| Estimates of the cost of the Iraq war continue to escalate to levels well beyond what its optimistic architects once promised. Most notable, perhaps, has been the estimate of Columbia University’s Joseph Stiglitz, who, in a January 2006 paper with Harvard’s Linda Bilmes, put the full cost at around $2 trillion. By the end of the year, the two had grown even more pessimistic:
The $2 trillion number – the sum of the current and future budgetary costs along with the economic impact of lives lost, jobs interrupted and oil prices driven higher by political uncertainty in the Middle East – now seems low. Assessing the full costs of war, direct and indirect, as opposed to the immediate and obvious ones, is a crucial task for those who favor nonintervention. But at least as important is assessing the costs of the warfare state itself, whether or not it is currently engaged in actual fighting. The public is inclined to think of the costs of the military establishment in terms of the annual defense budget. The true costs, however, are much greater, although usually hidden.
Robert Higgs has made the important point that the true cost of defense extends well beyond the official Pentagon budget.
Expenditures for “homeland security” surely belong in any reckoning of defense spending. Additional programs involved in defense are spread throughout the budgets of various other Cabinet departments. Then there is the supplemental spending earmarked for present military adventures (not part of the defense budget, contrary to popular impression), in this case Afghanistan and Iraq, as well as the portion of the federal government’s net interest payments that is attributable to deficit-financed defense spending in the past. Higgs concludes that the real defense budget is probably about twice as large as the sum officially allocated to the Department of Defense.
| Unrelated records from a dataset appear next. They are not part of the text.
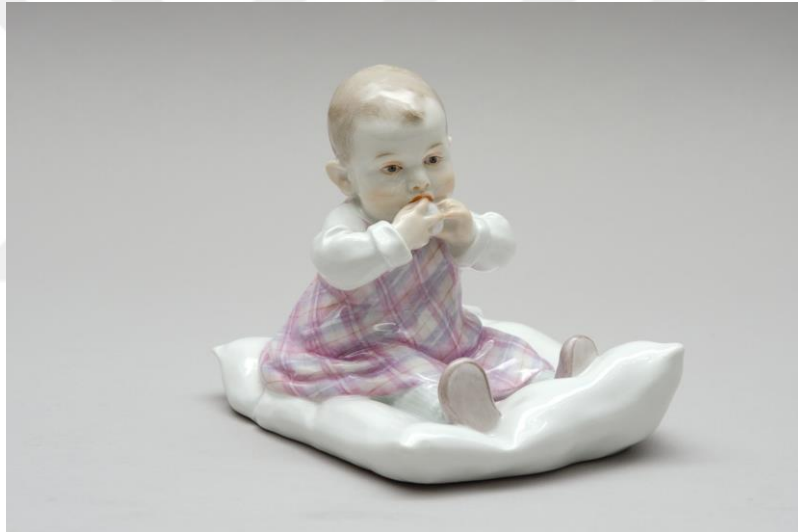
Görsel-17: Conrad HENTSCHEL, “Child on Cushion”, Size, 13x15x11cm

Bu bağlamda modern sanatçılar içerisinde Hentschel, yapmış olduğu çocuk figürlü biblolarıyla tanınan bir isimdir. Eserlerinde malzeme olarak porselen kullandığı görülmektedir. Kendi ismiyle özdeşleşen “Hentschel’in Çocukları” isimli eseri, gündelik hayatın içerisinde, en doğal halleriyle yorumlanmış çocuk imgeleri içermektedir. Dönem sanatçıların çoğunda, çocukların masum ve saf dünyasının betimlendiği figüratif seramik eserler görebilmekteyiz (Gülbahar, 2019: 17). Görsel-17’de yumuşak bir minder üzerine oturur şekilde betimlenen çocuk figürü formu, soft hatları sayesinde naif bir görünüme sahiptir. Kullanılan renk ve tonların, masumiyeti çağrıştıran nitelikte olduğu görülmektedir. Çocuğun bakışlarındaki dalmışlık hissini, hayalperest yanına atıfta bulunarak çalışıldığı düşünülebilir.
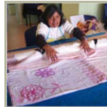
Taller Centro de Día Queniur

MATRA se propone acercar herramientas para mejorar la relación con el medio ambiente, producir nuevas fuentes de recursos económicos y relaciones sociales.
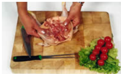
Fase 2: Il Galletto aperto
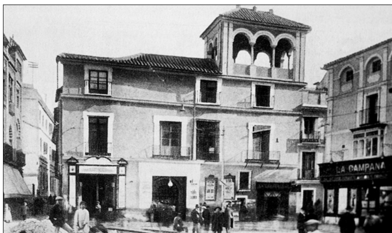
Café Novedades, destruido para el ensanche del entorno de La Campana (Sevilla)

6. Resulta más que discutible la incorporación de un apartado de datos histórico-artísticos , "estilos" o "autores", en espacios y lugares asociados al flamenco que radican en parajes naturales -caso de ciertas romerías o fiestas- o en construcciones que tal vez no tengan demasiado interés desde un punto de vista estético o técnico. Una taberna, por ejemplo, alguna determinada casa de vecindad, el barrio de Santiago de Jerez,... lugares que bien podrían tildarse de Interés Etnológico desde el punto de vista flamenco, pueden tener bastante poco que ver con una idea de "arte culto" que contrasta con el modelo de arquitectura popular que les caracteriza. Nos parece mucho más interesante que la Ley 1/1991 otorgue importancia a delimitar " los elementos tipológicos básicos de la construcción, y la estructura o morfología urbana que deben ser objeto de potenciación o conservación " (art. 30 y ss.). El desarrollo del Reglamento, en este sentido, supone una advertencia muy adecuada para la consideración de los inmuebles como formas de concebir el espacio, definidas socialmente. Esa definición social es una de las pocas tablas de salvación que restan al "flamenco de uso" en Andalucía, que se facilita precisamente por la existencia de tramas espaciales donde se hace favorable el rito.
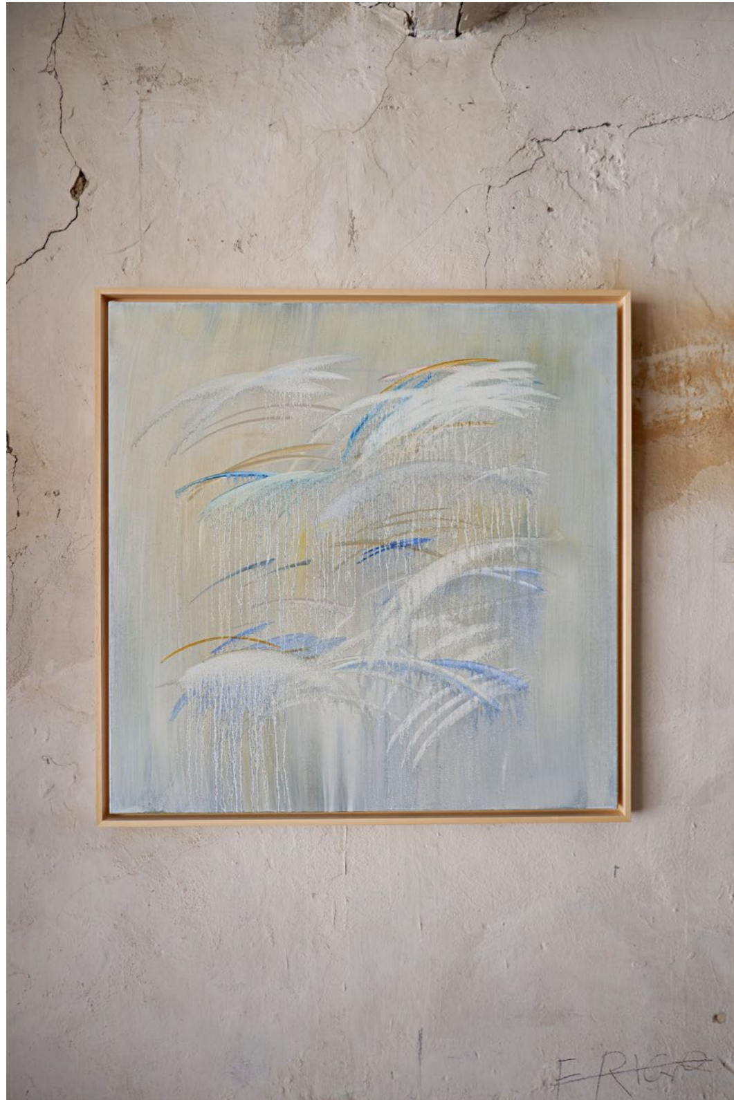
1.1 Tableau affresco, MATTINA Peinture à l'huile sur toile Encadrement caisse américaine 80 x 80 cm 2021
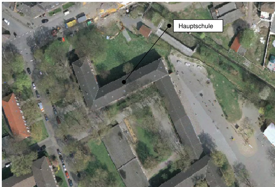
Abbildung 1: Liegenschaftsübersicht
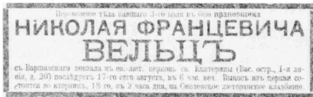
Фото 2.
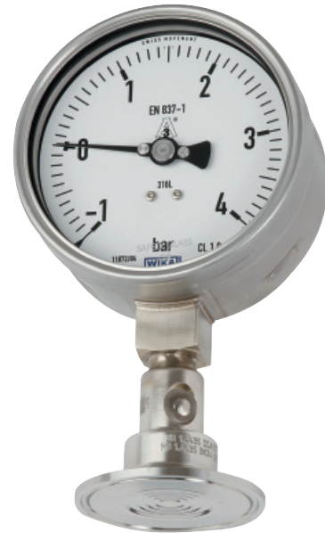
Система мембранных разделителей, модель DSS22F
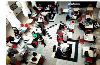
pohled do dvorany muzea

Bez přátelství nestojí život za nic. / Cicero /
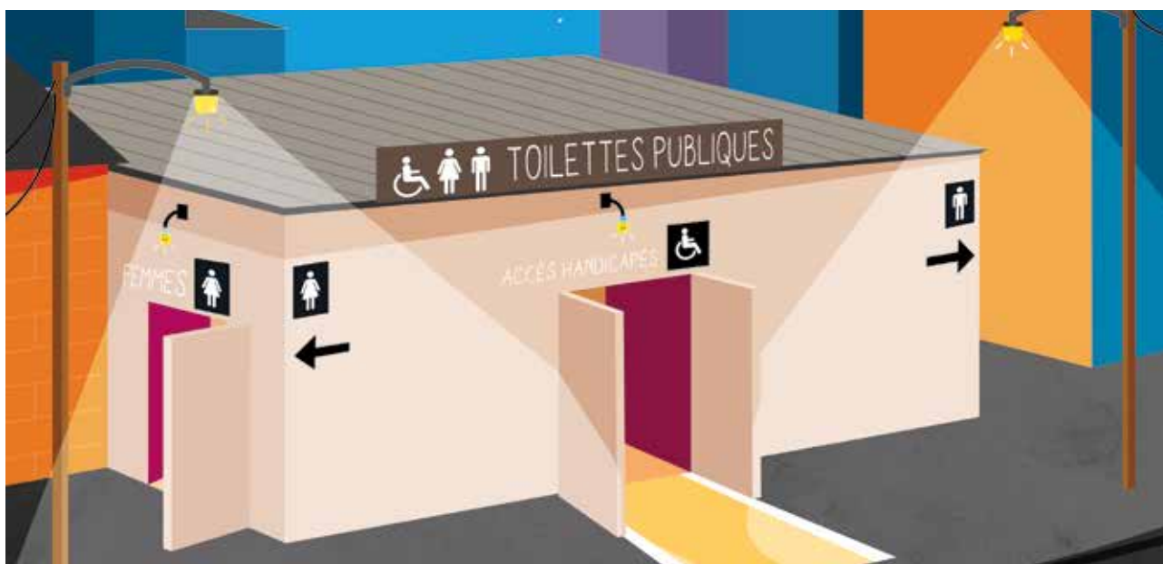
Figure 1 : Exemple de l'extérieur d'un bâtiment sanitaire adapté aux femmes et aux filles.

Des toilettes publiques et communautaires adaptées aux femmes et aux filles : guide à l'intention des urbanistes et des décideurs s'adresse aux autorités locales, aux urbanistes, ainsi qu'à toute autre personne responsable de la prestation de services d'assainissement. Ce guide les aidera à mieux appréhender les besoins des femmes et des filles en matière de toilettes publiques et communautaires. Il peut les accompagner afin de mieux répondre à ces besoins et apporter des conseils pratiques pour la planification, la mise en œuvre et l'opération. Cette note d'information souligne les éléments marquants du guide et donne un aperçu de la problématique de l'adaptation des toilettes au public féminin.
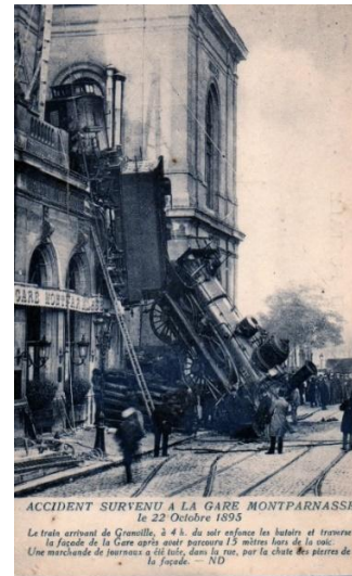
Une carte postale célèbre !

There are a great many other costs to the warfare state as well, albeit ones less easily quantified. For one thing, between one-third and two-thirds of all U.S. research talent has been siphoned off into the military sector over the past several decades. Human limitations being what they are, there exists a fixed amount of such talent; and government diversion of that talent – through high, tax-funded salaries with which the private sector has repeatedly expressed its inability to compete – necessarily leaves fewer people available for research and development work in the private sector. Military research thereby crowds out commercial research aimed at improving people’s standard of living. It is hard to quantify this effect, of course, and being unseen it is typically overlooked, since we can never know exactly what innovations never appeared as a result of the diversion of resources and brainpower into the service of the military. This is one of many opportunity costs associated with the military establishment.